Hey, the actual exception can be seen in the logs above:
(_RemoteRayXGBoostActor pid=11076) Exception in thread Thread-2:
(_RemoteRayXGBoostActor pid=11076) Traceback (most recent call last):
(_RemoteRayXGBoostActor pid=11076) File "/home/ray/anaconda3/lib/python3.9/threading.py", line 973, in _bootstrap_inner
(_RemoteRayXGBoostActor pid=11076) self.run()
(_RemoteRayXGBoostActor pid=11076) File "/home/ray/anaconda3/lib/python3.9/threading.py", line 910, in run
(_RemoteRayXGBoostActor pid=11076) self._target(*self._args, **self._kwargs)
(_RemoteRayXGBoostActor pid=11076) File "/home/ray/anaconda3/lib/python3.9/site-packages/xgboost_ray/main.py", line 612, in _train
(_RemoteRayXGBoostActor pid=11076) local_dtrain = _get_dmatrix(dtrain, self._data[dtrain])
(_RemoteRayXGBoostActor pid=11076) File "/home/ray/anaconda3/lib/python3.9/site-packages/xgboost_ray/main.py", line 345, in _get_dmatrix
(_RemoteRayXGBoostActor pid=11076) matrix = xgb.DMatrix(**param)
(_RemoteRayXGBoostActor pid=11076) File "/home/ray/anaconda3/lib/python3.9/site-packages/xgboost/core.py", line 620, in inner_f
(_RemoteRayXGBoostActor pid=11076) return func(**kwargs)
(_RemoteRayXGBoostActor pid=11076) File "/home/ray/anaconda3/lib/python3.9/site-packages/xgboost/core.py", line 766, in __init__
(_RemoteRayXGBoostActor pid=11076) self.feature_names = feature_names
(_RemoteRayXGBoostActor pid=11076) File "/home/ray/anaconda3/lib/python3.9/site-packages/xgboost/core.py", line 1164, in feature_names
(_RemoteRayXGBoostActor pid=11076) raise ValueError('feature_names must be string, and may not contain [, ] or <')
(_RemoteRayXGBoostActor pid=11076) ValueError: feature_names must be string, and may not contain [, ] or <
The problem is that the CountVectorizer
preprocessor creates columns with names that contain characters XGBoost is unhappy about.
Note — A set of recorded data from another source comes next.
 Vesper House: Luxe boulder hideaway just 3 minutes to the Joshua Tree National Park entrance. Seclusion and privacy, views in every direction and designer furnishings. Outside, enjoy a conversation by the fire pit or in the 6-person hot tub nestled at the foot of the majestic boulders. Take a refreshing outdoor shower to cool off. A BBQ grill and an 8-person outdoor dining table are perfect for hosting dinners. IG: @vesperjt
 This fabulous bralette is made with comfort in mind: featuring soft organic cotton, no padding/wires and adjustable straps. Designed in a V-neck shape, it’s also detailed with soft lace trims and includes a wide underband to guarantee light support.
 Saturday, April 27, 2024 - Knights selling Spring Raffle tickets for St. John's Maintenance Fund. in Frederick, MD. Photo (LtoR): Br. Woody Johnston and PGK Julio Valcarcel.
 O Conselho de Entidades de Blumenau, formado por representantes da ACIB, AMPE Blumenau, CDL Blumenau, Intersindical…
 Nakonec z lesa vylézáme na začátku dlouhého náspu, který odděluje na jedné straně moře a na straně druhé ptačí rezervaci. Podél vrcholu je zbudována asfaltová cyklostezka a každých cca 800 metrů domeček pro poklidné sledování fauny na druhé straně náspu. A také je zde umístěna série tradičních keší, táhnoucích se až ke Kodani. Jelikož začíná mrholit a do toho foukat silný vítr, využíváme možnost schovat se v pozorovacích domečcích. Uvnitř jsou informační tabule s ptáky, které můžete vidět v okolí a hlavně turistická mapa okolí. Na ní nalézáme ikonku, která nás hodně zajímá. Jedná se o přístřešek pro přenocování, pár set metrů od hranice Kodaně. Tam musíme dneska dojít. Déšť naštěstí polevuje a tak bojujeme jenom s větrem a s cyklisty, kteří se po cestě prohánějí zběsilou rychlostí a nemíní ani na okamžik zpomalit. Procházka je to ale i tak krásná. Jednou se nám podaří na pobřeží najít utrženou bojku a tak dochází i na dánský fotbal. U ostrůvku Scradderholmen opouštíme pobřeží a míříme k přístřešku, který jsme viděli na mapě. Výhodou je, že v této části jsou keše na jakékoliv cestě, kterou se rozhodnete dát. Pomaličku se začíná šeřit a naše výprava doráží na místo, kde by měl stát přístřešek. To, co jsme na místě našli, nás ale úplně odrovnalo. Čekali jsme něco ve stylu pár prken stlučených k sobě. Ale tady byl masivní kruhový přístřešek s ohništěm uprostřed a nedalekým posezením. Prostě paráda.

We can easily fix that by adding a BatchMapper
preprocessor which will fix the column names by replacing the characters with their names:
import ray
from ray.air.config import ScalingConfig
from ray.train.xgboost import XGBoostTrainer
from ray.data.preprocessors import BatchMapper, Chain, CountVectorizer
import pandas as pd
from sklearn.datasets import fetch_20newsgroups
twenty_train = fetch_20newsgroups(subset="train", shuffle=True, random_state=42)
# Create dask dataframe
df = pd.DataFrame(
{"text": twenty_train.data[:100], "target": twenty_train.target[:100]}
)
ds = ray.data.from_pandas(df)
# Split data into train and validation.
train_dataset, valid_dataset = ds.train_test_split(test_size=0.2, seed=42)
def fix_col_names(batch: pd.DataFrame) -> pd.DataFrame:
batch.columns = [
colname.replace(":", "COLON")
.replace(",", "COMMA")
.replace("<", "LT")
.replace(">", "GT")
.replace("[", "LBRACKET")
.replace("]", "RBRACKET")
for colname in batch.columns
]
return batch
preprocessor = Chain(
CountVectorizer(columns=["text"]), BatchMapper(fix_col_names, batch_format="pandas")
)
# XGBoost specific params
params = {
"tree_method": "approx",
"objective": "multi:softmax",
"eval_metric": ["merror"],
"num_class": df["target"].nunique(),
}
trainer = XGBoostTrainer(
scaling_config=ScalingConfig(num_workers=2, use_gpu=False),
label_column="target",
params=params,
datasets={"train": train_dataset, "valid": valid_dataset},
preprocessor=preprocessor,
num_boost_round=2,
)
result = trainer.fit()
This script should run successfully. Let me know if you have any other questions and please mark this answer as the solution if it worked for you!